### Problem to solve
Every record below is to be retyped exactly, with the pictures left out.

### Dataset records
▬▬▬▬▬▬▬▬▬▬
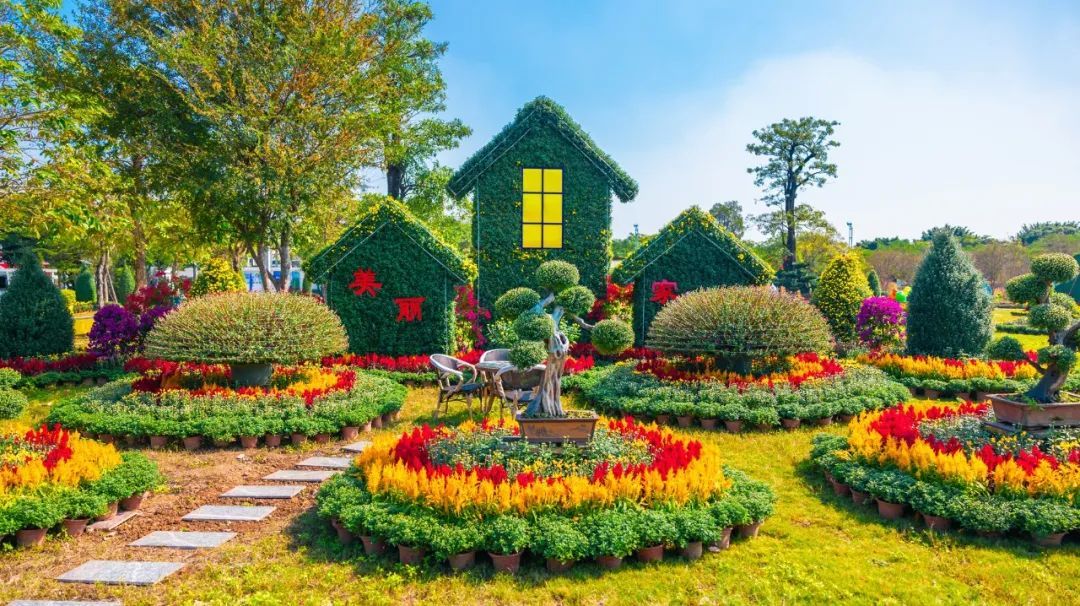 亮点三 荷兰风车花园用菊艺扎作出风车、木鞋、花田;法国画廊花园用菊花搭建地标性建筑物凯旋门;德国啤酒花园以黄菊动态呈现流动的啤酒;英国巴士花园模拟打造双层复古巴士、电话亭、伦敦桥场景。
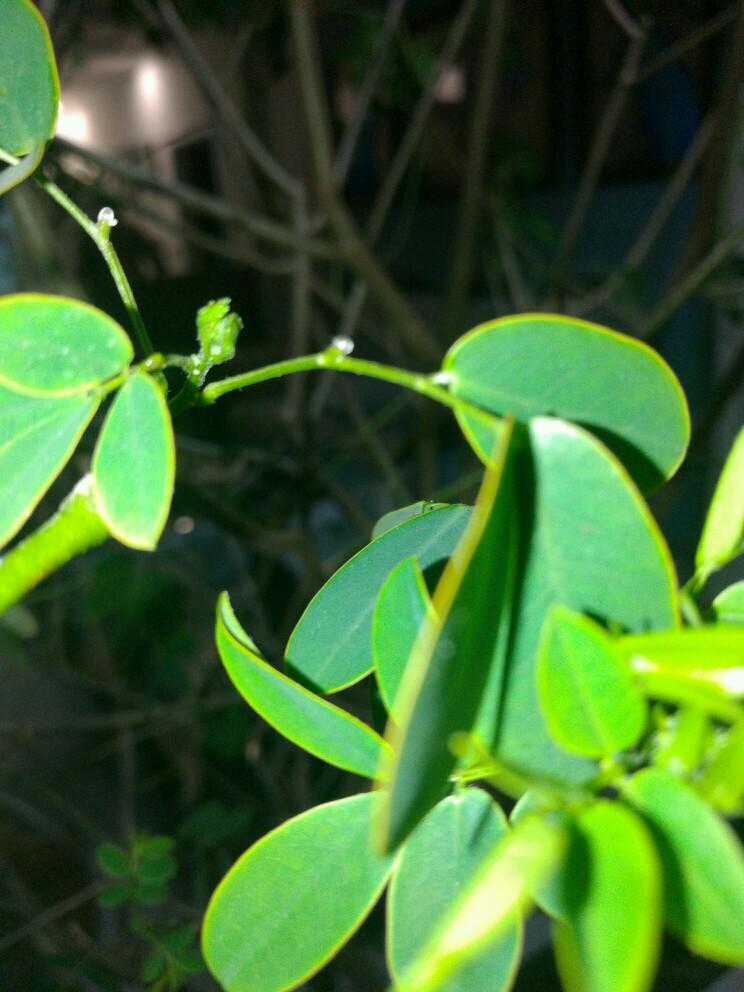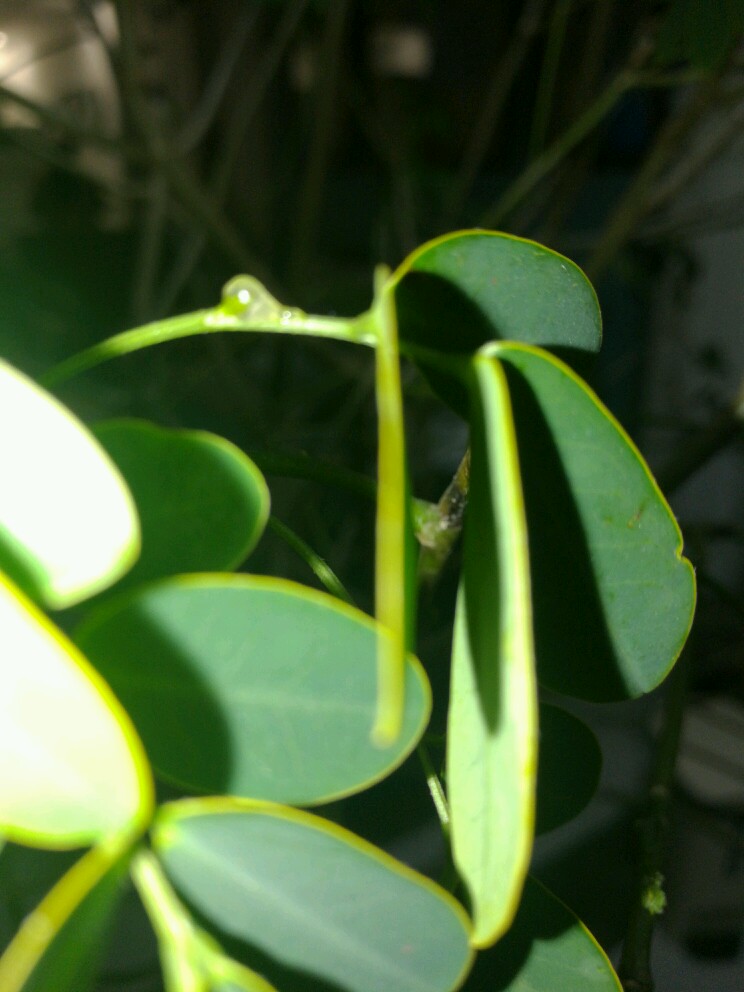 但是它一直有一个让我蒙逼的地方,就是它从来我们家第二天的时候就从叶子的下端分泌出一种亮晶晶的液体,一片叶子只有一点点,黏黏的,我尝了一下,甜甜的,我也没出现什么不适症状。
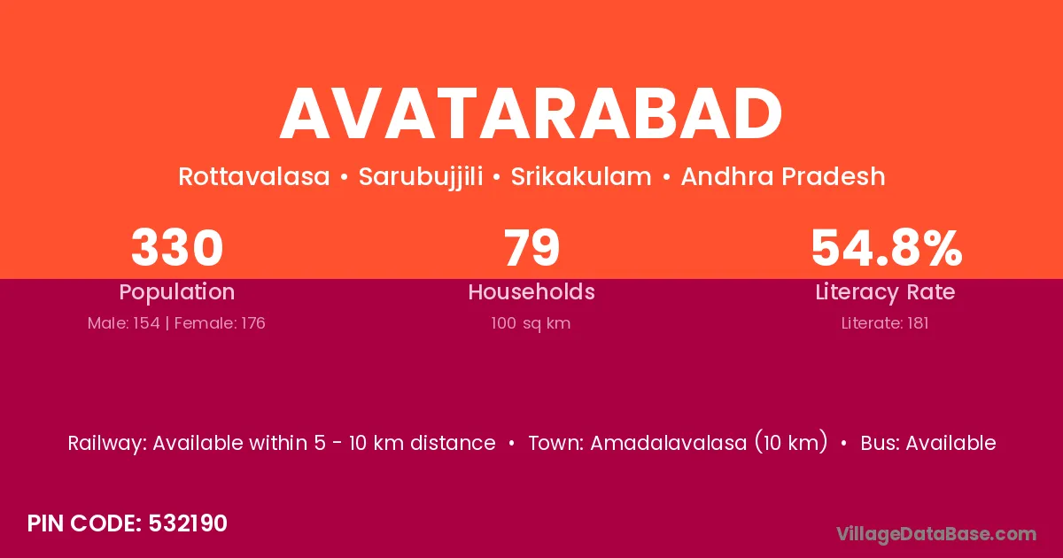 Amadalavalasa (10 km) is the nearest town to Avatarabad village for major economic activities and is located approximately 10 km away.
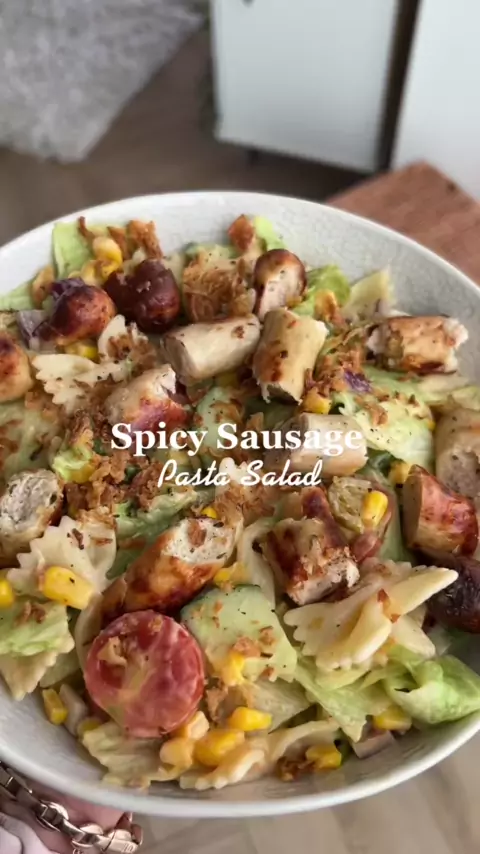 Salsicha picante e salada de macarrão! Esta é a ideia perfeita do almoço de trabalho # hollybdishes # worklunch # pastasalad # healthyworklunchidea # healthymeal # chickensalsage
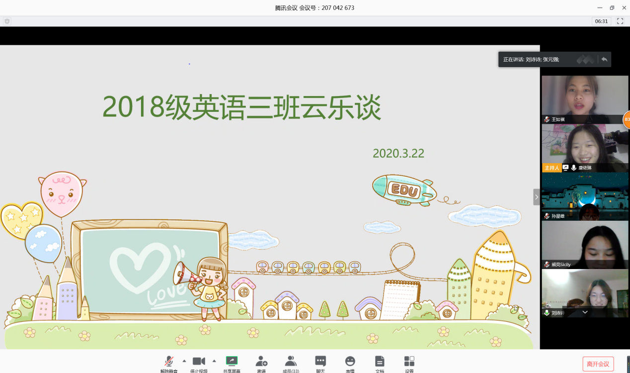 (通讯员 汪鑫鑫)3月22日晚上,我2018级英语三班开展了以“居家自律,静待花开”为主题的线上班会,太阳成官网2018级英语系辅导员张元强及英语三班全体同学参与会议。此次班会由班长唐依琳主持。
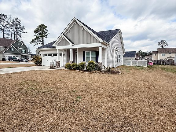 Discover this beautifully designed split-bedroom home, perfectly situated on a corner lot with a fenced yard for added privacy. Built in 2018, this home boasts an open-concept floor plan with elegant LVP flooring and plantation shutters throughout the main living areas.
▬▬▬▬▬▬▬▬▬▬
### Problem solution
 亮点三 荷兰风车花园用菊艺扎作出风车、木鞋、花田;法国画廊花园用菊花搭建地标性建筑物凯旋门;德国啤酒花园以黄菊动态呈现流动的啤酒;英国巴士花园模拟打造双层复古巴士、电话亭、伦敦桥场景。
 但是它一直有一个让我蒙逼的地方,就是它从来我们家第二天的时候就从叶子的下端分泌出一种亮晶晶的液体,一片叶子只有一点点,黏黏的,我尝了一下,甜甜的,我也没出现什么不适症状。
 Amadalavalasa (10 km) is the nearest town to Avatarabad village for major economic activities and is located approximately 10 km away.
 Salsicha picante e salada de macarrão! Esta é a ideia perfeita do almoço de trabalho # hollybdishes # worklunch # pastasalad # healthyworklunchidea # healthymeal # chickensalsage
 (通讯员 汪鑫鑫)3月22日晚上,我2018级英语三班开展了以“居家自律,静待花开”为主题的线上班会,太阳成官网2018级英语系辅导员张元强及英语三班全体同学参与会议。此次班会由班长唐依琳主持。
 Discover this beautifully designed split-bedroom home, perfectly situated on a corner lot with a fenced yard for added privacy. Built in 2018, this home boasts an open-concept floor plan with elegant LVP flooring and plantation shutters throughout the main living areas.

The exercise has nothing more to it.